Beezlebaby incubator wombs sold separately 


     Performances range from adequate to excellent. Kelly Curtis from “Trading Places” (1983) plays the main character. The consistently superb Herbert Lom plays the central villain, and he definitely brings the creepy. Lom is one of the few actors I've ever watched who stole scenes out from under Peter Sellers (in the "Pink Panther" series)! Horror veteran John Morghen plays a character named Martin Romero, a little reference to George Romero and his film "Martin" (1976).


Mmm.... Marzipan barrel 


     There's a very good, atmospheric musical score by composer Pino Donaggio. He composed music for a number of Brian DePalma's best films, including "Carrie" (1976) and "Body Double" (1984). He also scored Dario Argento's "Trauma" (1993), Joe Dante's "Piranha" (1978) and "The Howling" (1981), as well as a ton of other movies, and he is still working his magic in 2014. Also worth noting for music nerds, he wrote the song "You Don't Have to Say You Love Me" ("Io Che Non Vivo") which was performed by Elvis Presley, among others.

     There's a lot more talent packed into this movie than you might expect.

     It’s California, 1970, and there’s a horrifying evil threatening the land… hippies! This fiendish bunch of breast-painting, dope-smoking, clock-smashing, guitar-playing layabouts threaten civilization with their brand of patchouli-scented tie-dyed fun. Guitar-guy is playing along with America’s “Horse With No Name”. This is absolutely the easiest guitar song in the world and can still be played even after you've had eight fingers amputated and up to 70% of your brain scooped out. True fact. It seems worth pointing out, given the sorts of things that are about to happen to guitar-guy.

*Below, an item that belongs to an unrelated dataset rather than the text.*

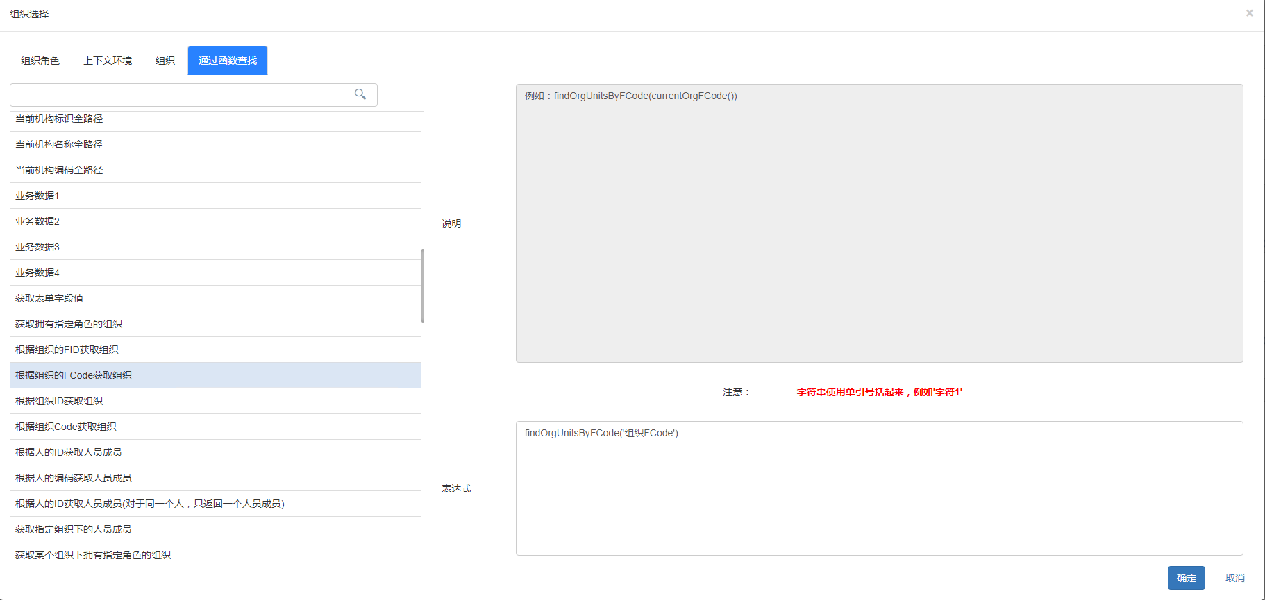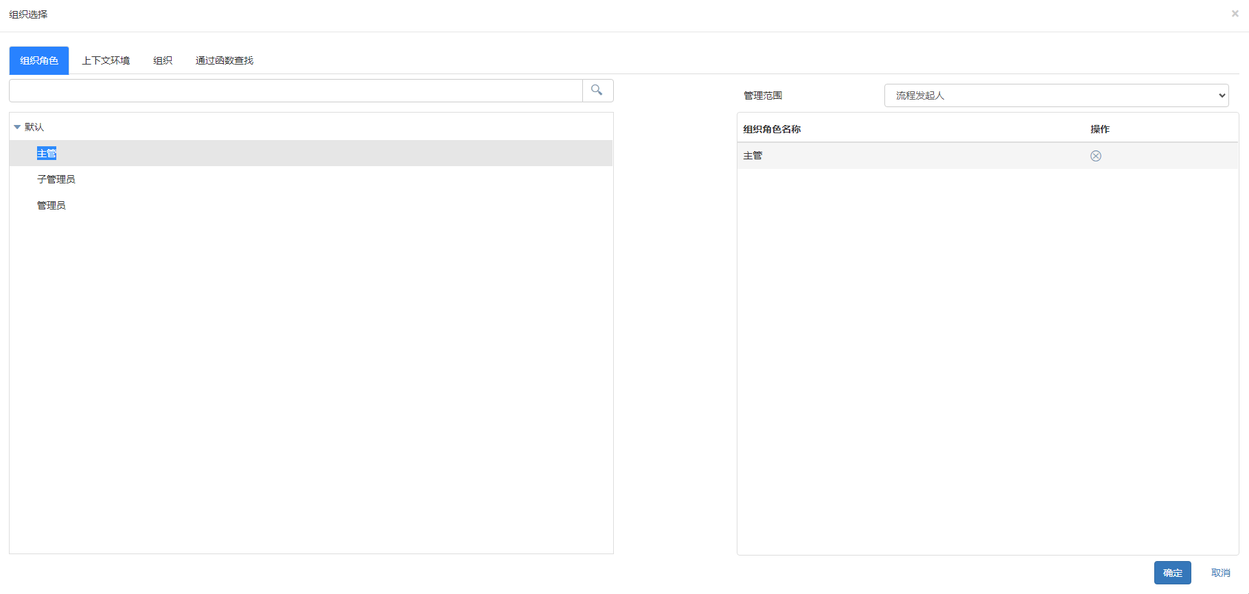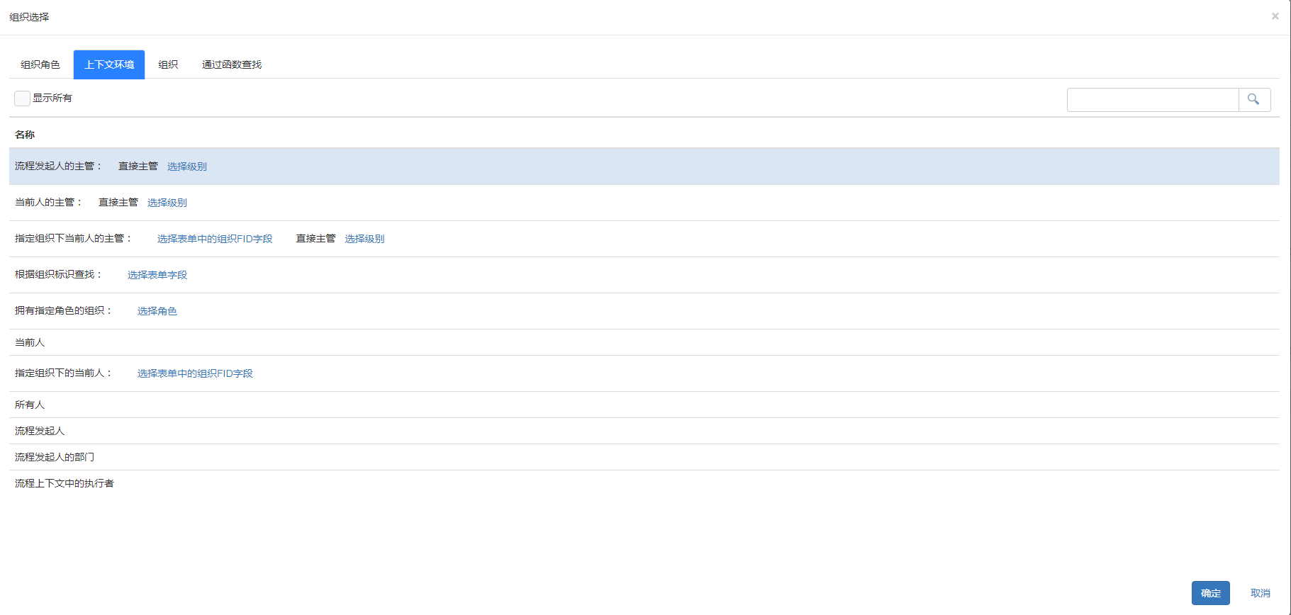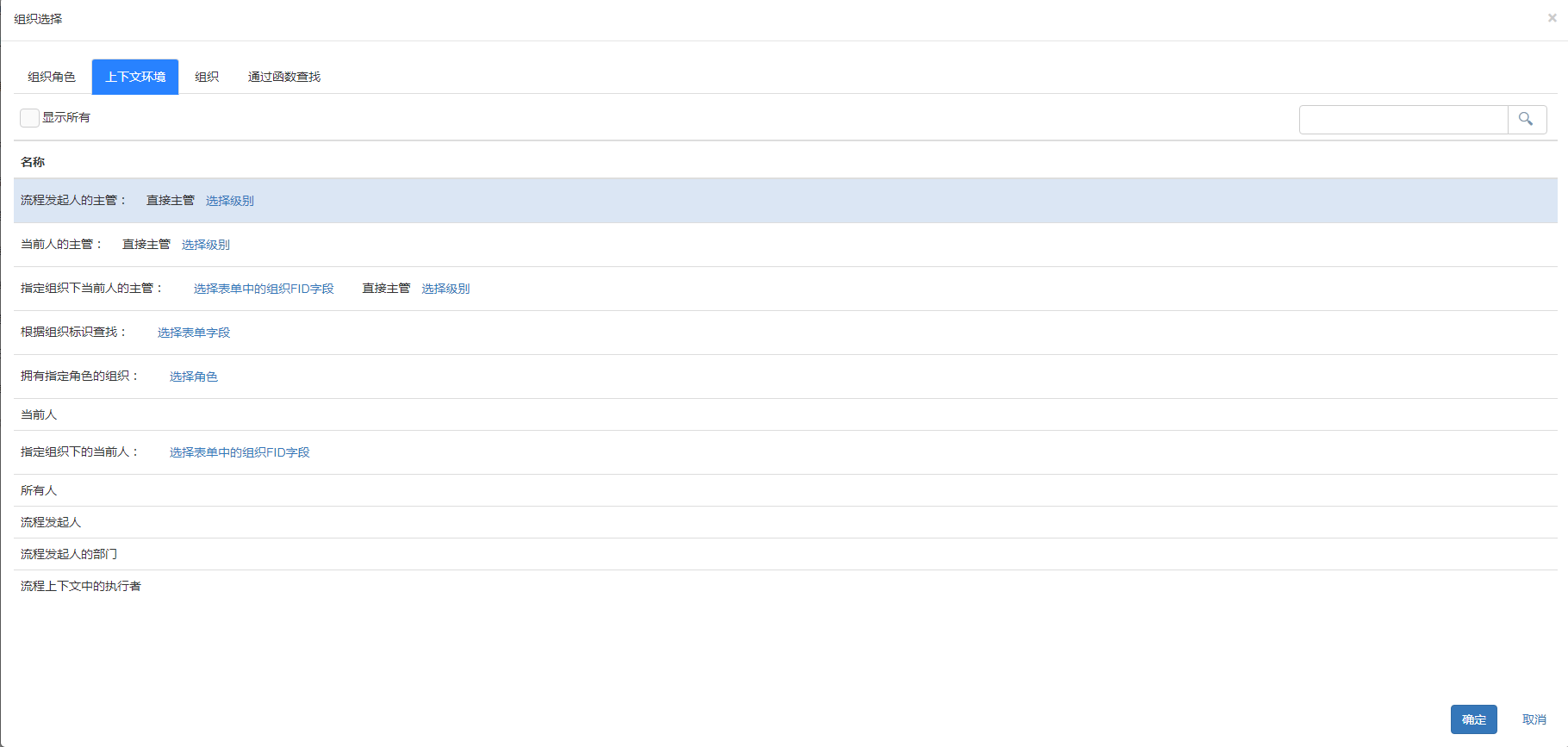 - 上下文环境:根据提供的上下文操作设置,如流程发起人的主管:直接主管,级别为1时,即执行者为:当前流程发起人所在部门的主管人员

Damon otherwise known as Marlie Chanson


     A blurry prophet-from-the-desert figure (Tomas Arana) comes marching out of the heat. His name is Damon. They all sit around at dinner misquoting “Sympathy for the Devil” at each other and talking about how, like, profound the Rolling Stones are, man. It's so cosmic when Jagger says that part where he says, you know, what's nurturing you is the puzzle of my game, man. Hey, does anyone have some carob chips or some of those macrobiotic brown rice crackers? I've really got the munchies, brother.

Fucking Italians!


     Later that night Damon brutally murders the hippies just as any rational, decent human being would be morally obligated to do. The way things are presented it seems at first like they might all be having wild sex. That moment of ambiguity highlights the way horror movies conflate sex and death while making a bit of a dark inside joke about it, as well. The whole peacenik camp, children included, has been sacrificed to Satan. Damon has a posse, it turns out, and they’re something like a cross between the Manson family and the Hell’s Angels, a “faceless army” of biker-cultists willing to kill at his word. They have connections to a powerful Satanic hierarchy from "the old country,” and the higher-ups have a mysterious long-term master plan.

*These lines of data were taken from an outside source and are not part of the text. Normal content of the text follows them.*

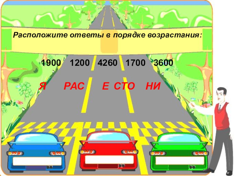 Расположите ответы в порядке возрастания:1900	 1200  4260  1700  3600  Я   РАС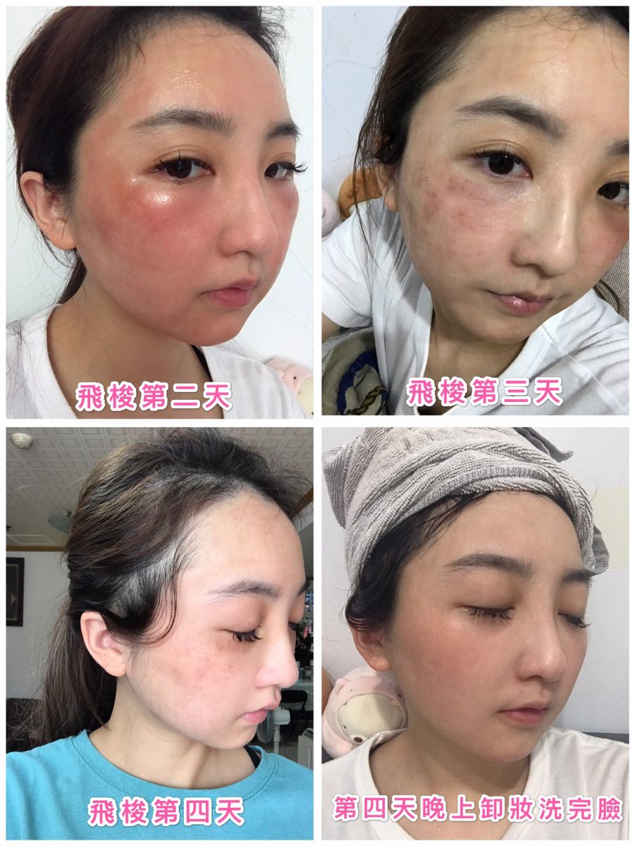 只能用食鹽水洗臉、不能用任何的保養品及化妝、前三天會腫紅也是正常的、就是要勤冰敷多喝水代謝
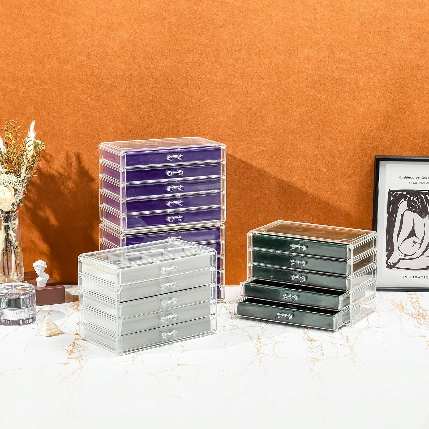 - ✅ 5 herausnehmbare Fächer aus Samt - 5 Schubladen lassen sich mit leicht zu greifenden Griffen herausziehen. Die Samtfächer auf jeder Ebene können von den Schubladen abgetrennt und zum Organisieren anderer grösserer Gegenstände verwendet werden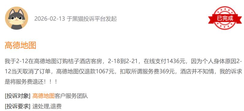 此类纠纷并非个例,另有网友投诉,于2026年2月12日在高德地图订购桔子酒店客房,时间为2月18日到2月21日,在线支付1436元,因其个人身体原因2月12日当天取消了订单,高德地图仅退款1067元,扣取所谓服务费369元,酒店并不知情。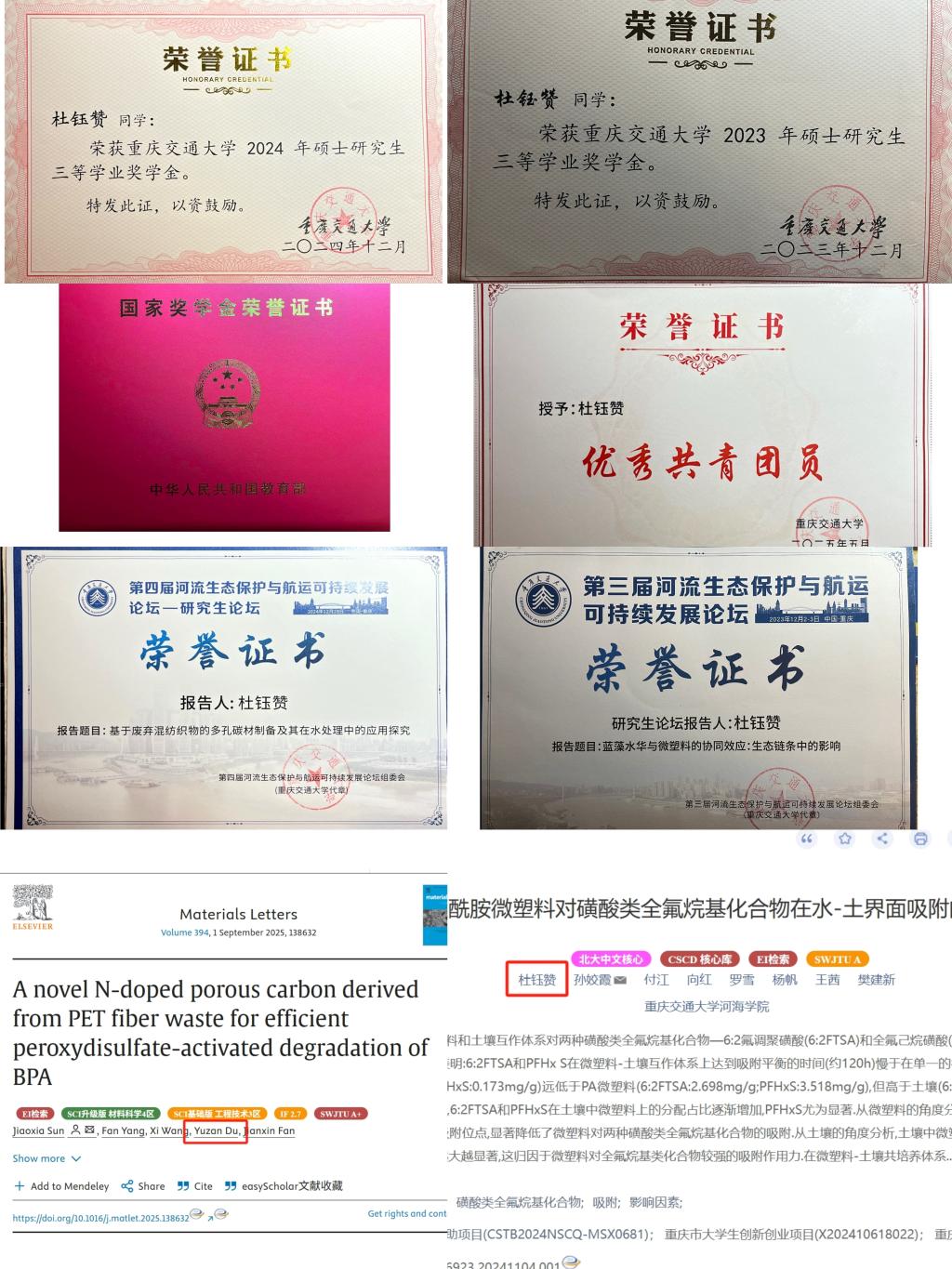 杜钰赞,河海学院2023级环境科学与工程专业硕士研究生,一班组织委员。综合成绩排名前列,曾获得包括2025年国家奖学金、多次校级学业奖学金、“重庆交通大学优秀学生干部”、“重庆交通大学优秀共青团员”、“重庆交通大学科技创新先进个人”在内的各种奖励及荣誉。参研国家级与重庆市科研项目3项。公开发表SCI论文1篇,以第一作者身份发表在《中国环境科学》期刊1篇。曾在第三、四届河流生态保护与航运可持续发展国际论坛等多次学术论坛中进行汇报。

Official Spielberg Temple of Doom torn out heart Tchotchkes 


     The story shifts to Frankfurt, Germany, in 1991. A family man (John Morghen) stalks a woman to her home to assassinate her for betraying the cult. A pickpocket on the subway discovers the Satanic killer has a human heart in his pocket, wrapped in the victims golden cross bracelet.  When the cops cuff him he jerks one of their guns into his mouth and forces the trigger down… he won’t be a witness! I wonder if Satanist martyrs get special perks in Hell, like a bowl of ice cream once a century or something?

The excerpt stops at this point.